One of the biggest light bulb moments I've ever had in my life was when I learned that I get to decide what it means to be a successful parent. I spent a lot of time trying my best to make my kids do and be the things I thought would prove that I was a good parent.
In all actuality I have no control over "how my kid turn out."
Yes, of coarse I have influence, but ultimately, my kids are going to chose for themselves who they want to be.
Putting the pressure of what it means to be a good mom on who my kids become, rather to focus on how I show up as their mother, takes away all my control and can cause unnecessary pain and suffering when things "don't go as planned"

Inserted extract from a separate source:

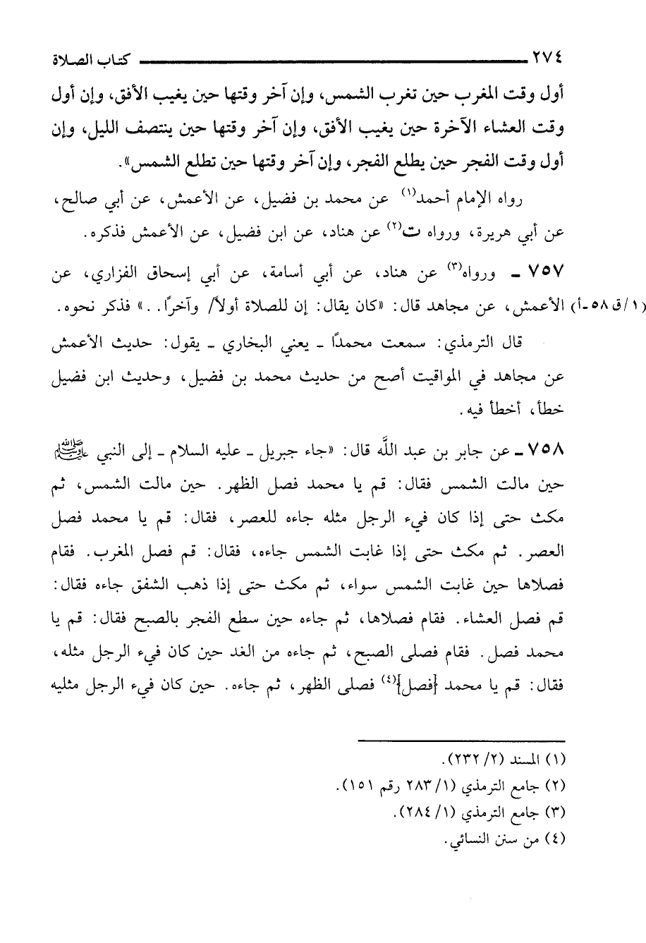 758 - عن جابر بن عبد الله قال: "جاء جبريل -عليه السلام- إلى النبي - صلى الله عليه وسلم - حين مالت الشمس فقال: قم يا محمد فصل الظهر. حين مالت الشمس، ثم مكث حتى إذا كان فيء الرجل مثله جاءه للعصر، فقال: قم يا محمد فصل العصر. ثم مكث حتى إذا غابت الشمس جاءه، فقال: قم فصل المغرب. فقام فصلاها حين غابت الشمس سواء، ثم مكث حتى إذا ذهب الشفق جاءه فقال: قم فصل العشاء. فقام فصلاها، ثم جاءه حين سطع الفجر بالصبح فقال: قم يا محمد فصل. فقام فصلى الصبح، ثم جاءه من الغد حين كان فيء الرجل مثله، فقال: قم يا محمد (فصل) (¬4) فصلى الظهر، ثم جاءه. حين كان فيء الرجل مثليه

As humans we all have agency to do and think what we want. And if I'm needing my kids to get good grades to feel like I'm doing a good job, then I'm not showing up as the best parent for them. I'm in charge of how I feel, and so are they.
Success is a thought. There isn't some measuring stick in the world, that you can follow to determine whether you are a success or not. Your success is only measurable by you.

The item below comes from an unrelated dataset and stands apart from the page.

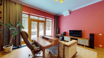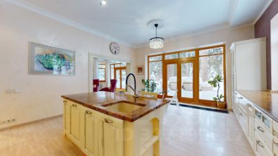 Коттеджный поселок Добрыня. Загородный дом площадью 365 м2 расположен на участке 15 соток, граничащим с живописным лесом. Авторский проект Ольги Синявской, московского художника и архитектора. Кирпичный фасад в современном стиле, отделанный штукатуркой с обширным пространством остекления, позволяющим наслаждаться естественным светом и лесными видами. Конструктивные работы велись в 2008-2009гг. Отделочные работы в 2010-2011гг. Планировка:Гостиная: Просторная гостиная с камином, панорамными окнами и выходом на террасу.Спальни: 5 уютных спален + мастер-спальня с гардеробной и санузлом.Первый уровень: прихожая (с выходом в гараж), холл (с тройным светом), гостиная, кухня-столовая, кабинет, гостевая(детская) спальня, санузел, постирочная.Второй уровень: мастер-спальня с балконом, кабинетом, гардеробной и санузлом,Дополнительно: 4 спальни, два санузла, балкон.Отапливаемый гараж на 2 машиноместа с прямым входом в дом, отдельное помещение для котельного оборудования,Чердачное помещение 80 кв. м.Мебель и техника: Многоступенчатая система очистки воды. Система приточно-вытяжной вентиляции,Кондиционер в большой спальне,В гостиной система домашнего кинотеатр (ресивер Danon, колонки Yamaha)Итальянская кухня, столешница из натурального мрамора (Индия),Стеллажная система в кабинете, сделанная по индивидуальному заказу.Мебель во всех помещениях может перейти к новым владельцам дома,Система видеонаблюдения и сигнализацииОтопление: Котел ViessmannСистема водяных теплых полов во всех помещениях с плиточным покрытием,Внутрипольные конвекторы отопления вдоль витринных окон, Электричество: (Мощность 12 кВт,),Водоснабжение: Общая для всего поселка скважина,Канализация: Общие очистные сооружения для всего поселка,Интернет и ТВ: Yonet, НТВ+. Выводы для интернета в кабинете и детской-игровой, ТВ в гостиной, кабинете, некоторых спальнях на втором этаже. Участок и дополнительные постройкиОграждение: перед домом невысокое ограждение (ковка, бетон), остальной периметр сплошной деревянный забор с калиткой в лес,Дополнительные постройки: Гараж, отапливаемый с системой отвода стоков, оборудованный системой стеллажей для хранения, с дополнительным пространством для храненияБлагоустройство: Ландшафтные работы на участке выполнены профессиональным дизайнером ландшафтов Татьяной Сушко. Общая информация о поселкеКП Добрыня (6,6 га) сформирован в Одинцовском р-не МО. До объекта от МКАД примерно 20 км, если следовать по Минскому/Киевскому шТерритория КП Добрыня застроена жилыми объектами двух типов. Представлены как таунхаусы (от 250 кв.м.) со свободными планировочными решениями, так и индивидуальные коттеджи. К домовладениям подключены все магистрально-централизованные инженерные коммуникации: электромощности, водо-, газоснабжение, канализация и т.д. По контуру возведен защитный забор, работает КПП, ведется круглосуточная охранная деятельность.В самом поселке проложены главные дороги и второстепенные ответвления к участка

So if I get to decide what it means to be successful as a parent, and the choices my kids make don't mean I did a good job or not, then what do I use to define a successful?
It's simple really, that I provide for my children's basic needs, I show and tell them I love them often, I teach them of my love for my Savior Jesus Christ. That's it. Let me elaborate a bit.
Providing basic needs for my kids is a requirement, house, food, clothing, anything above and beyond that, I'm just doing for fun! (Oh and you bet I do, just ask my spoiled last kid at home)
Showing and telling my kids I love them is also something only I can define. I cannot make myriad feel loved. I can only do what I believe to be loving acts and the rest is up to them.
I have a testimony of Jesus Christ and I believe that it is my job to help my kids find their way to Him as well, but I cannot control what they think or believe, but I can tall them often how I believe and maybe that will help they desire a relationship with Him as well.
There it is, that's it. My definition of what it means to be a successful mom. I don't need my kids to go to college, or even to like me. I know that if I take care of this small list, I can rest at ease that I am a good mom.
Ironically when I let go of needing my kids to be/act/do a certain way, and I just showed up in love and encouragement we gained a deeper love and mutual respect we didn't have when I was trying to control who they were so I could feel like I was a good mom.
So now that I've given this information, what will you decide it means to BE SUCCESSFUL?